The saddest part about all of this, is that this same baby of three months, was in our ER the day before, and had been discharged at about 10pm with a diagnosis of pneumonia.  It had literally left our ER at 10pm alive, and returned at 0730am, dead.  Due to the state of the baby upon arrival, and the milk that was escaping from the nose and the whitish secretions that we removed from the lungs via suction during the code, it was evident that the baby had aspirated on his mother's milk, most likely from spitting up after feeding and breathing in the liquid without the mother knowing, and thus went into respiratory distress, respiratory arrest, to cardiac arrest. It likely had little to do with the pneumonia diagnosis, but clearly that baby was already in a compromised state of health, and who knows where the blame lies. Should that baby have been hospitalized the night before? I do not know; although I did see that baby the night before, I didn't attend to it or the family in anyway whatsoever, so I didn't know the story of the baby at all until the morning. I do know however, had that baby been hospitalized, it would be alive right now. Was it just poor timing that the baby was sick and just so happened to aspirate the morning after a hospital visit? Were they interrelated incidents? Was there something we could have done in the morning or was it really a hopeless effort?

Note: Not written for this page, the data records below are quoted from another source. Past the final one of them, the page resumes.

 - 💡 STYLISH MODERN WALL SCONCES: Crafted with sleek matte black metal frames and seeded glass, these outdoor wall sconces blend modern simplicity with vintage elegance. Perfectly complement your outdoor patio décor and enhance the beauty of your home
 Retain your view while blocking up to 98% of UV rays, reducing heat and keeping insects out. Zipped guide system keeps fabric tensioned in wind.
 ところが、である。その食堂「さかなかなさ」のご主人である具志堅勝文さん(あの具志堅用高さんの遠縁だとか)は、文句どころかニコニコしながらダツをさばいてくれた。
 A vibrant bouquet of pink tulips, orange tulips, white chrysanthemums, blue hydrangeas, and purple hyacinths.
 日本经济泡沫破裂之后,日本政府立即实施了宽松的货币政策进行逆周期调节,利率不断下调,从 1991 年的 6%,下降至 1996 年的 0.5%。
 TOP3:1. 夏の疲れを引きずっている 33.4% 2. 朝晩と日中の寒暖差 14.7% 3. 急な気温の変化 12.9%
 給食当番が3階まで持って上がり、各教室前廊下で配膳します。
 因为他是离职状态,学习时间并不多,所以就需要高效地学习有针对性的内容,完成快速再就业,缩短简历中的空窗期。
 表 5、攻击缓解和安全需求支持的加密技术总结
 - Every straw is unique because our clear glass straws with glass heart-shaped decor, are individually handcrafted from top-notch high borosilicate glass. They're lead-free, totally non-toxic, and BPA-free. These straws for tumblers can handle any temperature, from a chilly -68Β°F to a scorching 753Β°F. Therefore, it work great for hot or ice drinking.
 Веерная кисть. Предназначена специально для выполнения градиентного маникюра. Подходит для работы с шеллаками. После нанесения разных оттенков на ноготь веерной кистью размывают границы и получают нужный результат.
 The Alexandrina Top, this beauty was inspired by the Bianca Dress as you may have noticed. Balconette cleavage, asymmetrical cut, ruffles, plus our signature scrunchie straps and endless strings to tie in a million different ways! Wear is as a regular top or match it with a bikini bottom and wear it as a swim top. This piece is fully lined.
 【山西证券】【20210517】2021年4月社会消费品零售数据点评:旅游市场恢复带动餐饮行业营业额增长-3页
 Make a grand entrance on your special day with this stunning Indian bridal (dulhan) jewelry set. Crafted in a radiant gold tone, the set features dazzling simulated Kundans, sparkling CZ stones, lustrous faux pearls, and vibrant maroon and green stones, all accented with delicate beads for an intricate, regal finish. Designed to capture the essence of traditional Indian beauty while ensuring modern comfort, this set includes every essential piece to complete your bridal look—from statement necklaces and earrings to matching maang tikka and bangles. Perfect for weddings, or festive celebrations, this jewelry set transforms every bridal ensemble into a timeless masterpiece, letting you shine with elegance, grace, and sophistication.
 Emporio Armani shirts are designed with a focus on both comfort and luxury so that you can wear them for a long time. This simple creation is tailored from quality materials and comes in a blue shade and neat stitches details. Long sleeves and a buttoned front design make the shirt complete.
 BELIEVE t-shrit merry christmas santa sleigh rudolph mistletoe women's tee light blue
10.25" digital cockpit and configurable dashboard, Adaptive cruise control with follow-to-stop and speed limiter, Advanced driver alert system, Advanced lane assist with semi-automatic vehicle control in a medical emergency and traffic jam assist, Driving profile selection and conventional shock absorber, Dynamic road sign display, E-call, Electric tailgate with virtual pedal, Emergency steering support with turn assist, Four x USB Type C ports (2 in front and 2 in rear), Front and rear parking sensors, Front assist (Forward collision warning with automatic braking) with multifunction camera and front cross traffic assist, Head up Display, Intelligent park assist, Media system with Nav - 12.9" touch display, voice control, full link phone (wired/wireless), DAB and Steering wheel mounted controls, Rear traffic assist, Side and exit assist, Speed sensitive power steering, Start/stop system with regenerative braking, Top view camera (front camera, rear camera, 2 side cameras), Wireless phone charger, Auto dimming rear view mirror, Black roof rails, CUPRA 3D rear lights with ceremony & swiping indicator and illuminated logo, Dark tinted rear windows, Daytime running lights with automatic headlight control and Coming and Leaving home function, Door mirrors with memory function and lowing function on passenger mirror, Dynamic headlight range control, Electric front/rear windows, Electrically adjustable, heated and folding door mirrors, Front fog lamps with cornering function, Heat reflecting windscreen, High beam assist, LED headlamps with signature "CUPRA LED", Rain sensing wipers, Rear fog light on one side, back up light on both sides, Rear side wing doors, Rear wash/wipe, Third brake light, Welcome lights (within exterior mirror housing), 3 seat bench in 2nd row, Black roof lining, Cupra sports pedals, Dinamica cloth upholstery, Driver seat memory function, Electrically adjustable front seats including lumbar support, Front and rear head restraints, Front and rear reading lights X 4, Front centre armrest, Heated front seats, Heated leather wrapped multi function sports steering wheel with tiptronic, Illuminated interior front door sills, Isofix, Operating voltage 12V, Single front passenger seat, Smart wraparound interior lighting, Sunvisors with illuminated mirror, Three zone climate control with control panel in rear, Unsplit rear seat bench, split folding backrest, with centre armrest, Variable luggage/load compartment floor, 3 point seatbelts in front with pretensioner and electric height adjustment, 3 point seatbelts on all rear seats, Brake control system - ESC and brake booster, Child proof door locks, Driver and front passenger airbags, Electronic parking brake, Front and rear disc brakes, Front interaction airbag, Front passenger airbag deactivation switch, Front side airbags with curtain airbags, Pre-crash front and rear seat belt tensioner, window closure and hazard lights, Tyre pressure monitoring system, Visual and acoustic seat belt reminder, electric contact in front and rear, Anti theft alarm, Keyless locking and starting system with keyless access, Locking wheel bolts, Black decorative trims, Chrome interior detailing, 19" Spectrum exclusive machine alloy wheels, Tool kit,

When the young grandmother entered crying, she started saying the story how they had been there last night and he had recieved an IV and oxygen and all this treatment and now he was dead...she even pointed to me, and said "you were here last night, you know what they did to him last night!" which was true, I had been there the night before (I stood out as the gringo in a pink uniform, so clearly she recognized me), and that was when I connected the stories. It was very tough. What made it worse was after the code, we had a "meeting" with all the personnel (minus the doctors) who were there at that moment, and with Lcda Benavides, to discuss how we didn't have the supplies, we were disorganized, how everything went bad. Well Lcda Benavides, sorry to say it but this is how every code is. We are always leaving the "Critical Unit" to get other supplies. It was a blessing that she at least saw the disorganization, because at least now she knows. But, like always, that "meeting" was a circle of blame, with the subject of conversation centering back to the SAME dumb topic that we have talked about for the last three months: that we are billing patients incorrectly and therefore not having enough supplies.
Now that I am much more fluent in Spanish and have observed enough of our department and how it works, I think I have the ability to finally make my case heard. My Spanish, I believe has been accelerated by times when I am all worked up like today, after bawling in the supply closet, I went to breakfast with Margarita, the other nurse, and Diana, the technologist who I had worked that shift with. At breakfast, we discussed what happened, among other topics, and I didn't hold back anything on what I was saying; I was capable enough to express all of my thoughts without being frustrated. It was kind of like our debriefing session that we probably should have had in the ER with the rest of our employees, but I don't think the "debriefing" idea has really hit Ecuador yet. What I've realized today is that I can't continue to sit back and have problems with my boss; if she, Sandra, doesn't want to change anything then I am going to have to go above her, to Lcda Benavides directly. We are dealing with people's lives, y punto.
Three months.
The amount of time I have worked in this ER; the same amount of time that baby lived.
Two totally different perspectives on an equal amount of time.